Peter Cape, my father, was senior producer for WNTV1 and head of Religious Broadcasting with the fledgling NZBC. In 1962, our family sailed to England where my father was to train with the BBC. He won a grant from the Imperial Relations Trust to travel the British Isles and observe the culture and art scene as it was developing, and report his observations on our return to New Zealand. This is the third and final episode of his report. The Scottish Office of Information (SOI) was far more affable than its English equivalent.
Report to the Imperial Relations Trust
by Peter Cape, Religious Broadcasts, NZBC
We spent the last week of the Festival in Edinburgh, fitting in a number of appointments arranged for us by the SOI and then drove north to Braemar, Inverness, and John O'Groats.
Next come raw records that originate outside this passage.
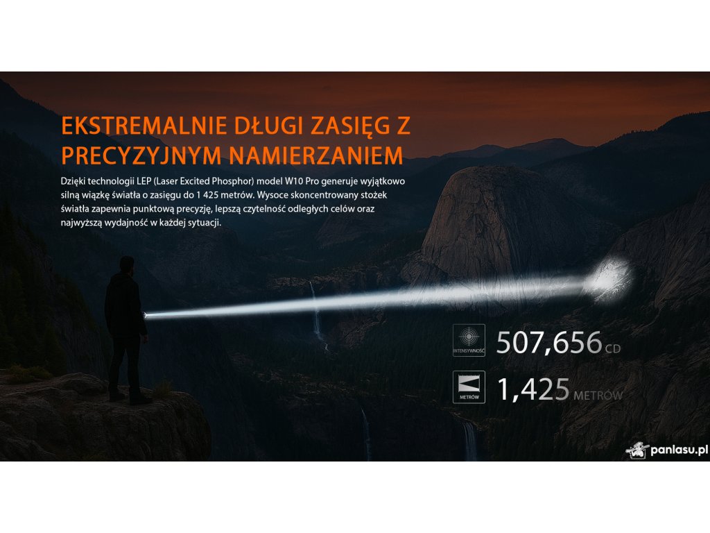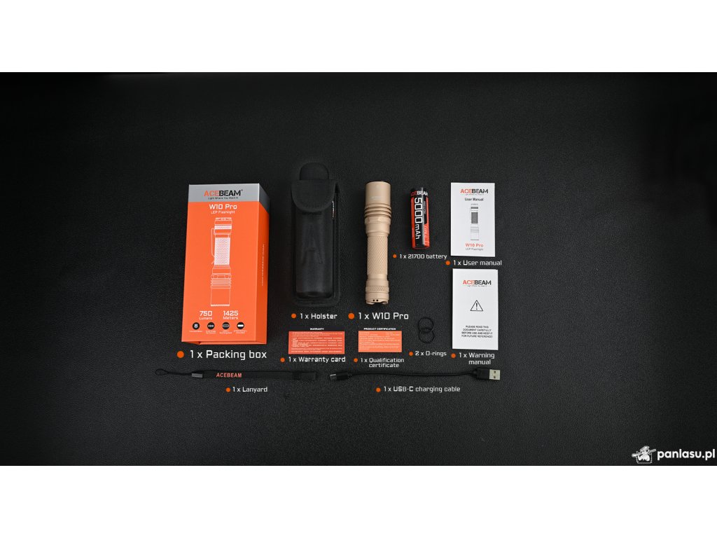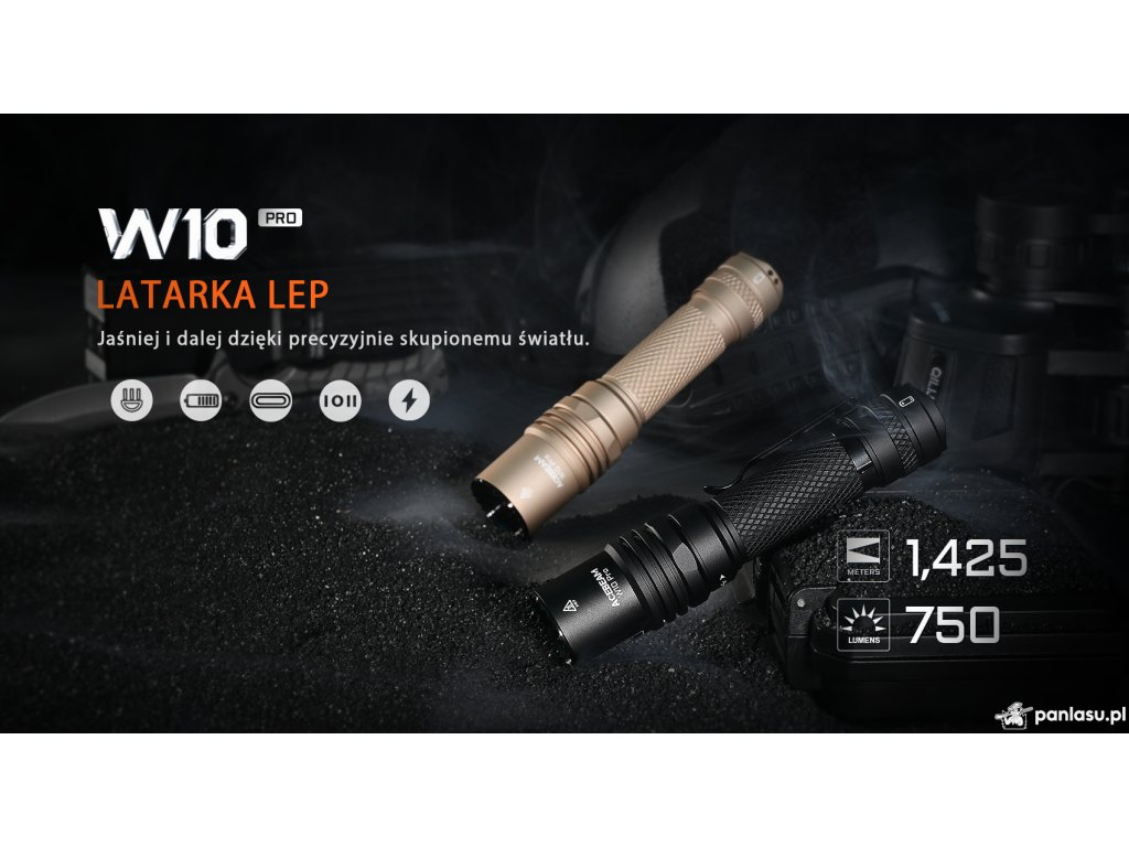 AceBeam W10 Pro to kolejna przełomowa latarka, która przenosi ekstremalną moc latarek LEP do kieszeni spodni. Dosłownie. Latarka o masie 211 g (z akumulatorem), całkowitej długości 152,9 mm i średnicy 34 mm oferuje zasięg trudny do uwierzenia – aż 1 425 metrów. Jasność przekracza pół miliona kandeli, a strumień świetlny przy maksymalnej mocy wynosi 750 lm.W10 Pro oferuje ponadto uderzeniowy pierścień ze stali nierdzewnej, pięć trybów świecenia oraz wbudowane złącze USB-C do ładowania.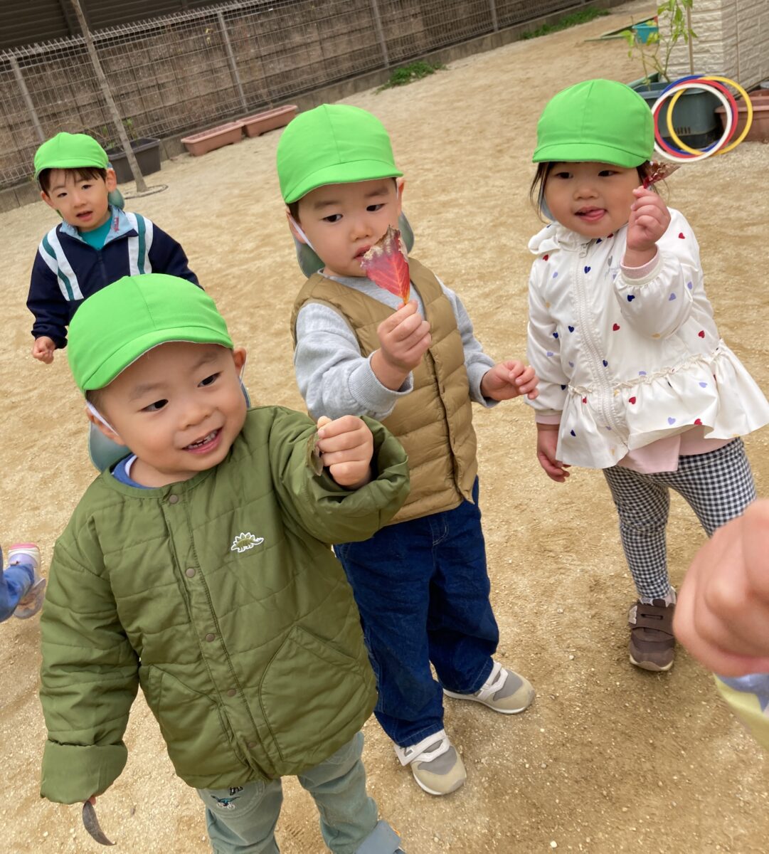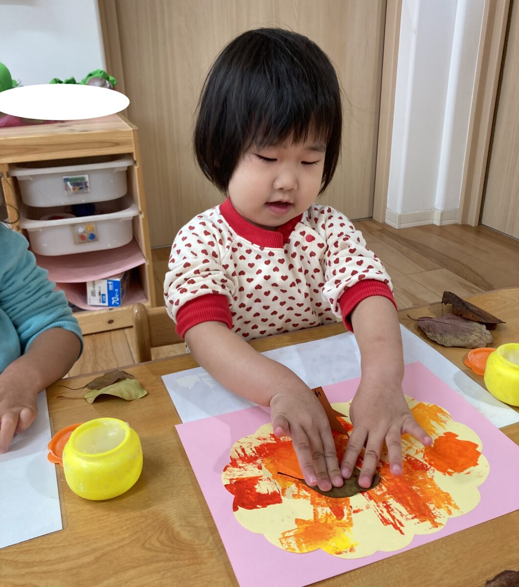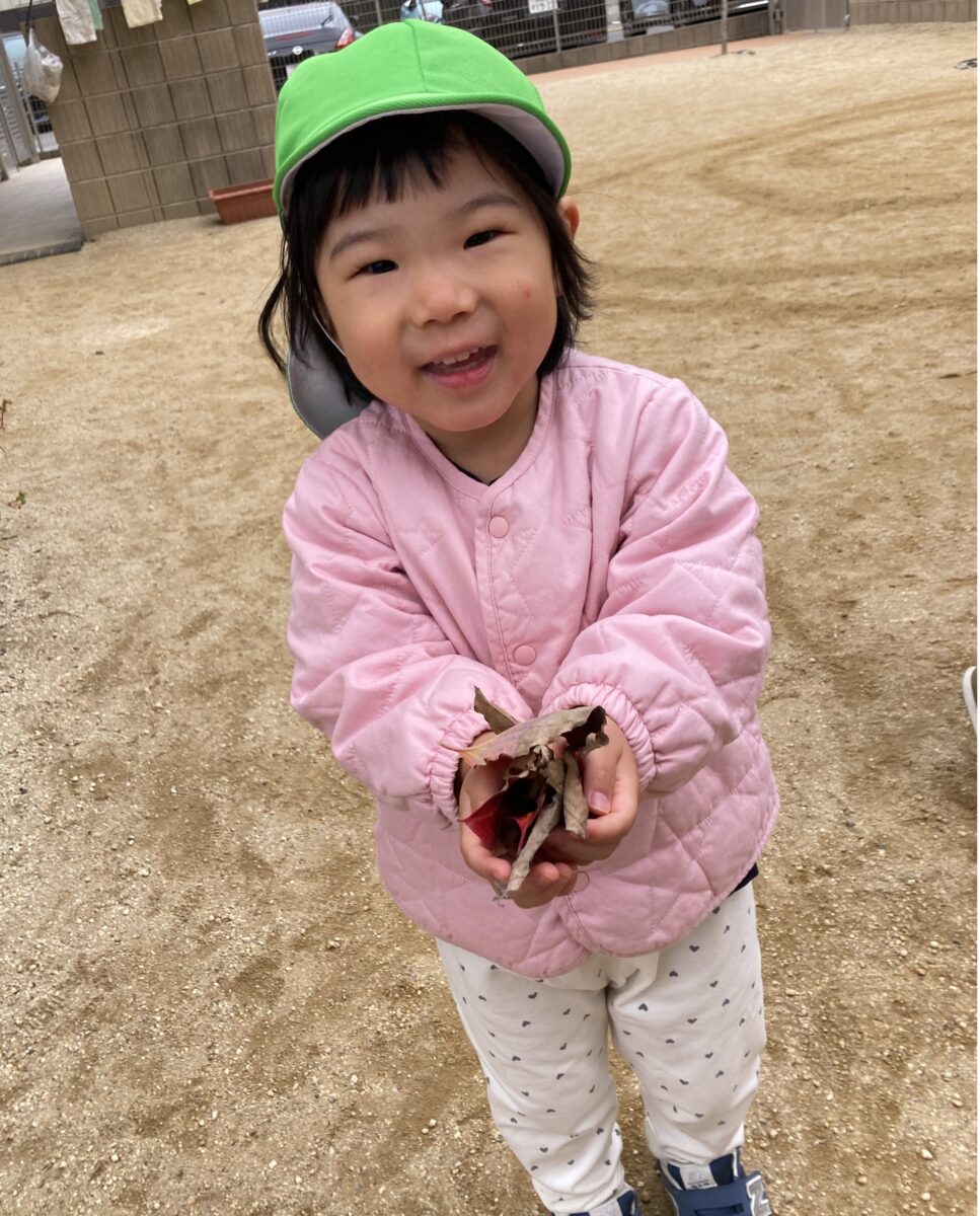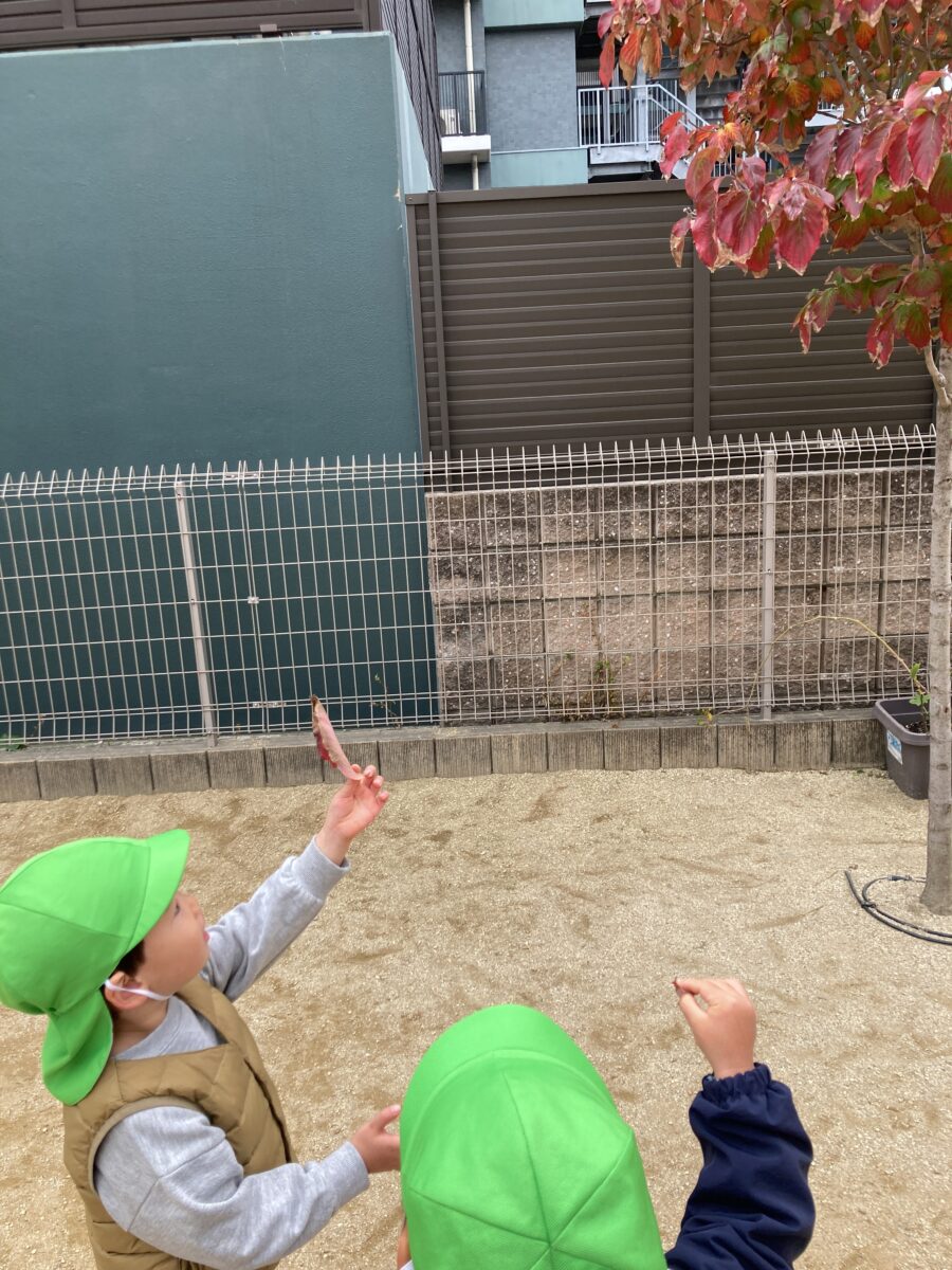 落ち葉を見つけると「あかいのあった!」と嬉しそうに拾い集めたり、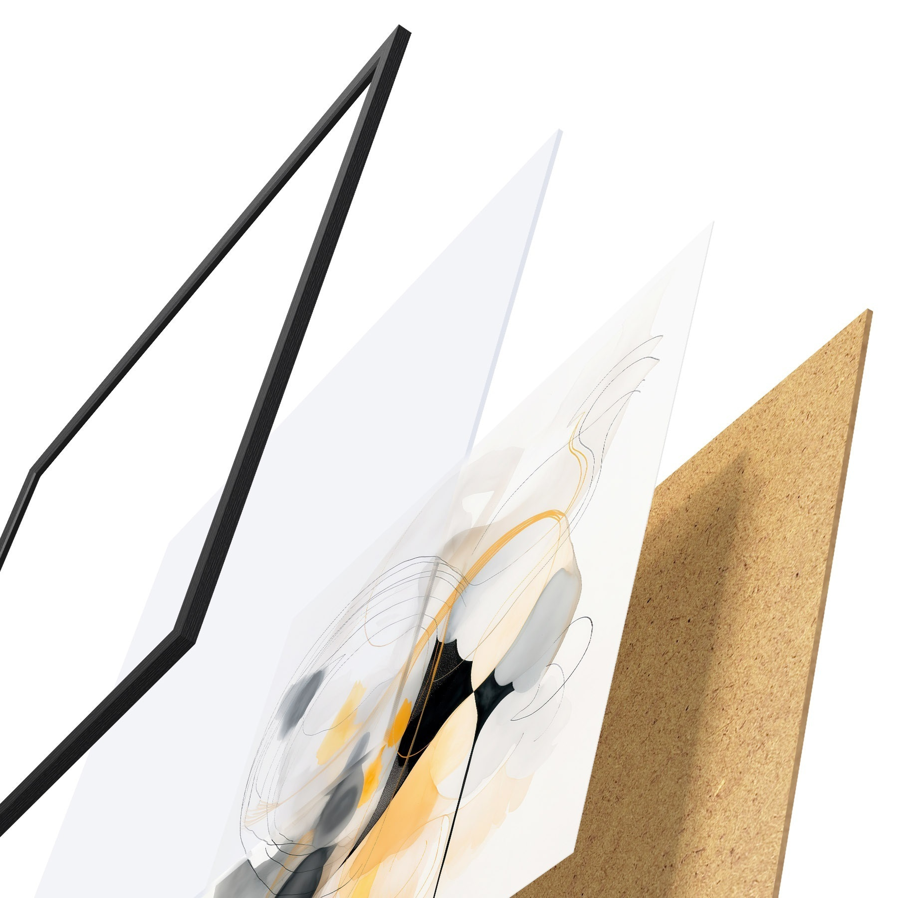 Plakat składa się z ramy, pleksi, wydrukowanego obrazu i podkładu z płyty wiórowej. Plakat można natychmiast zawiesić na ścianie dzięki uchwytom z tyłu.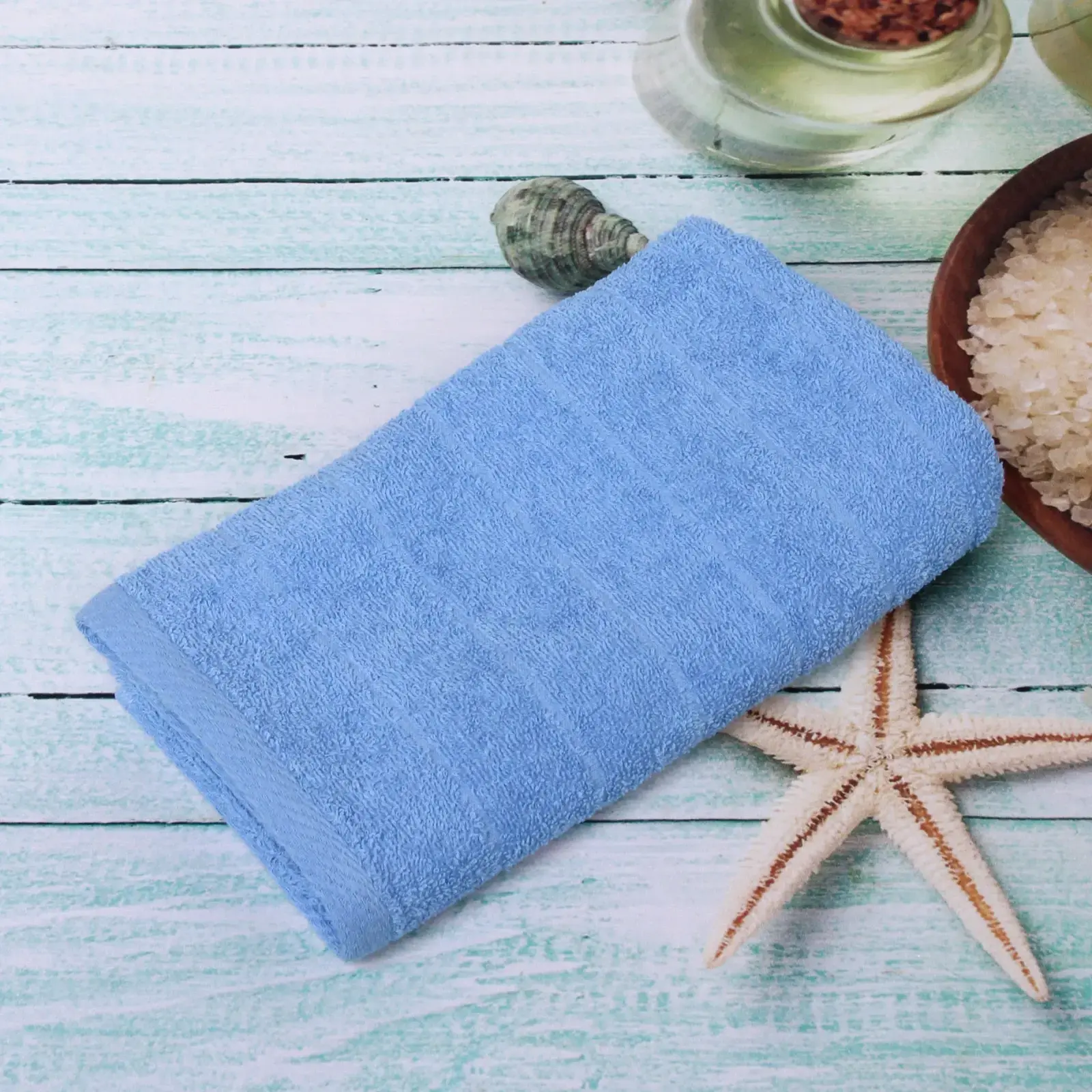 Махровое полотенце «Sea wave» 50x90 см, голубое, плотность 400 г/м², мягкое, износостойкое

On this part of our tour we concentrated on seeing the country, and talking, wherever the opportunity offered, to farmers and crofters.
We found, particularly in the west, some of the most uneconomical farming practices we have ever come across. While the crofts and small-holdings are farmed (if farmed is the right word) in one sense with meticulous care – we saw men cutting eighth-acre plots of oats with hedge-clippers – the antiquated farming methods, and the man-hours spent in exercising them, together must go to make whatever is produced the most highly priced of its kind in the world. At the same time we could appreciate how difficult any kind of land reform would be. We found a quite fanatical conservatism and resistance to change, coupled with a startlingly clear acceptance of the fact that the small-holding system was uneconomical, which made argument impossible.
From Skye, where the SOI had arranged a visit to Dame Flora MacLeod at Dunvegan, we returned to talk to some craftsmen in Inverness and then went south to Glasgow, where I had an appointment with Ronald Falconer of the BBC Scottish Religious Broadcasts. By this time, we were a week behind the arranged itinerary, so we returned to Edinburgh, and then made our way back to London by the most direct route.
I spent the next five weeks on some very valuable attachments to BBC television departments: religious broadcasts, talks, and outside broadcasts. During this time we made day and weekend trips to Oxford, Cambridge, Brighton, Stratford, and other near-at-hand places of interest. We also saw as much as we could of London and of the set show-pieces – Hampton Court, the Tower, Buckingham Palace and so on – some of the elements in the English myth which many visitors, and indeed many English themselves, accept as being quintessential Englishness.